Y sí al rey de su trono se habría de expulsar, a los campesinos de sus pedazos de tierra se habrían de despojar. En la “De la llamada acumulación originaria” Karl Marx comparte cómo, los capitalistas en asocio con los reyes, substraían de hombres, mujeres y niños, los medios de producción de los que dependían, en el afán de convertirlos en ciudadanos “libres”; pero obligados a vender su fuerza de trabajo. Desde siempre la cacareada libertad ofrecida por el capitalismo ha sido alguna forma de variación de la dicotomía: explotación o inanición. Separados de su forma de sustento arraigadas en el feudalismo, el capitalismo se habría paso por el continente europeo. Millones se vieron obligados a desplazarse a las grandes urbes, donde las fábricas establecidas como corolario de la Revolución Industrial ofrecían las oportunidades de laburo para aquellos necesitándolas.

Pasadas cinco décadas de su establecimiento, el capitalismo y la democracia no mostraban indicios de ser capaces de cumplir su promesa de un nuevo mundo, obligando a todos a conformarse con unas nuevas clases dominantes. Los burgueses, poseedores de la riqueza, serían los nuevos amos, legando a reyes y nobles a una posición detrás del verdadero trono. Un pensador alemán, alumno aventajado de Hegel, con perspicacia se indagaba sobre dónde encontrar, en ese nuevo amanecer, el reinado de la legalidad, la fraternidad y la igualdad promulgada por los apologetas del nuevo sistema. La ausencia de cada uno de ellos, pronto habría de comprobar él, era total. El engaño a través de la propaganda es la constante más regular en el capitalismo, desde siempre.

La desilusión impulsaría a Marx a indagar, con total profundidad, en las variables organizando el nuevo sistema. Sus ideas han sido interpretadas tantas veces como hayan sido leídas. Pero una de las más poderosas, fascinantes y relevantes, proviene del profesor Richard Wolff en los Estados Unidos de hoy: marxismo es nada diferente a la democratización del lugar de trabajo. Instaurar en el espacio más relevante para la gran mayoría de los ciudadanos del mundo, en la empresa, aquel lugar al que le dedican más parte de su vida, el sistema por el que luchan a diario en la sociedad: la democracia. Y ese ideal se alcanza, casi que exclusivamente, en las cooperativas de trabajadores: espacios de producción en el que las decisiones sobre qué producir, cómo producir, dónde producir y qué hacer con lo producido, se toman entre todos los involucrados en el proceso de realización.

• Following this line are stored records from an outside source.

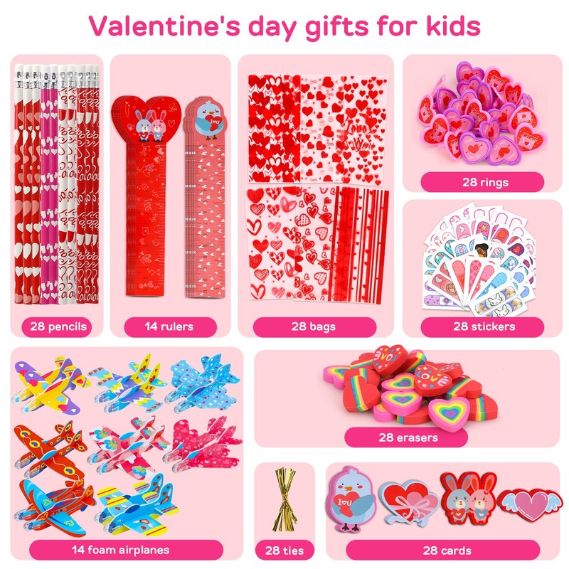 - ? Create Your Own: With 28 Valentines Day cards, Valentines goodie bags for wrapping, valentines pencils, valentines erasers, tattoo stickes and more, you can create the perfect valentines day stationary gift sets for your friends and classmates for valentines day gifts exchange.
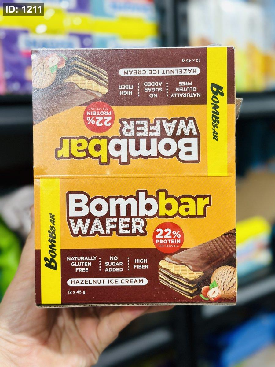 علبه ويفر بومبار بنكهه ايس كريم البندق والشوكلاته22%بروتين غني بالألياف بدون سكر وخالي من الجلوتين ٤٥غم
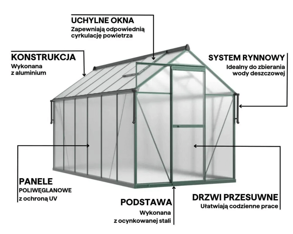 Szklarnia ogrodowa z poliwęglanu Slide-In 183x361cm Dark Green marki Cultivo to idealne połączenie estetyki, funkcjonalności i nowoczesnych rozwiązań. Jej ciemnozielona konstrukcja harmonijnie komponuje się z naturalnym otoczeniem, nadając ogrodowi przytulny charakter. Przestronna długość 361 cm oferuje wyjątkową ilość miejsca do uprawy warzyw, owoców, kwiatów czy ziół, czyniąc ją idealnym wyborem zarówno dla początkujących, jak i zaawansowanych ogrodników. Panele poliwęglanowe o grubości 4 mm, wzbogacone ochroną UV, zapewniają roślinom optymalne warunki wzrostu, skutecznie rozpraszając światło słoneczne i chroniąc przed jego nadmiernym wpływem. Konstrukcja opiera się na trwałej aluminiowej ramie oraz ocynkowanej stalowej podstawie, gwarantując odporność na zmienne warunki atmosferyczne. Dzięki innowacyjnemu systemowi Slide-In montaż jest prosty i szybki, a stabilność szklarni na najwyższym poziomie. Dodatkowym atutem jest praktyczna rynna deszczowa, zawieszona na wysokości 92 cm, o długości 45 cm. Pozwala ona zbierać deszczówkę, umożliwiając ekologiczne i oszczędne nawadnianie upraw. Dwa okna wentylacyjne i przesuwne drzwi zapewniają doskonałą wentylację oraz łatwy dostęp do wnętrza. Szklarnia Slide-In Dark Green to rozwiązanie, które wprowadzi Twój ogród na nowy poziom funkcjonalności.
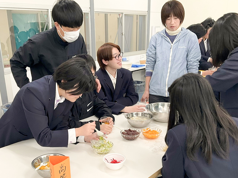 完成した「あんみつ」を皆で試食 -
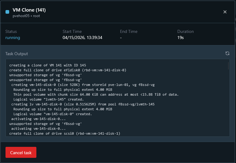 This will kick the task off. You can select the task in PegaProx and view the status of the job.

«No nos hemos despojado de los reyes y las oligarquías, tan solo las hemos mudado de lugar. Son ahora nuestros C.E.O. y Juntas Directivas», alecciona Wolf constantemente. Yanis Varoufakis, en diálogo con Gillian Tett, compartía su desprecio por el corporativismo multinacional y por el Estado, entes trabajando en conjunto para dominar la economía moderna. Para el antiguo ministro griego, el caso de una empresa tecnológica donde pudo colaborar, en Washington, lograba la maximización de los recursos al organizarse como cooperativa. Tett, editora del Financial Times, habría de replicar con un comentario cargado con la seguridad que da la ignorancia y desde el paradigma del capitalista moderno. Para ella, esa forma de organización era imposible por lo ineficiente y, de ahí su petulante pregunta: ¿puedes nombrarme una cooperativa que haya aumentado de tamaño y se haya vuelto realmente eficiente? “Déjame decirte que la compañía a la que me refiero -respondió el ex ministro Varoufakis – tiene 350 empleados y 1.200 millones de dólares de ingresos al año”.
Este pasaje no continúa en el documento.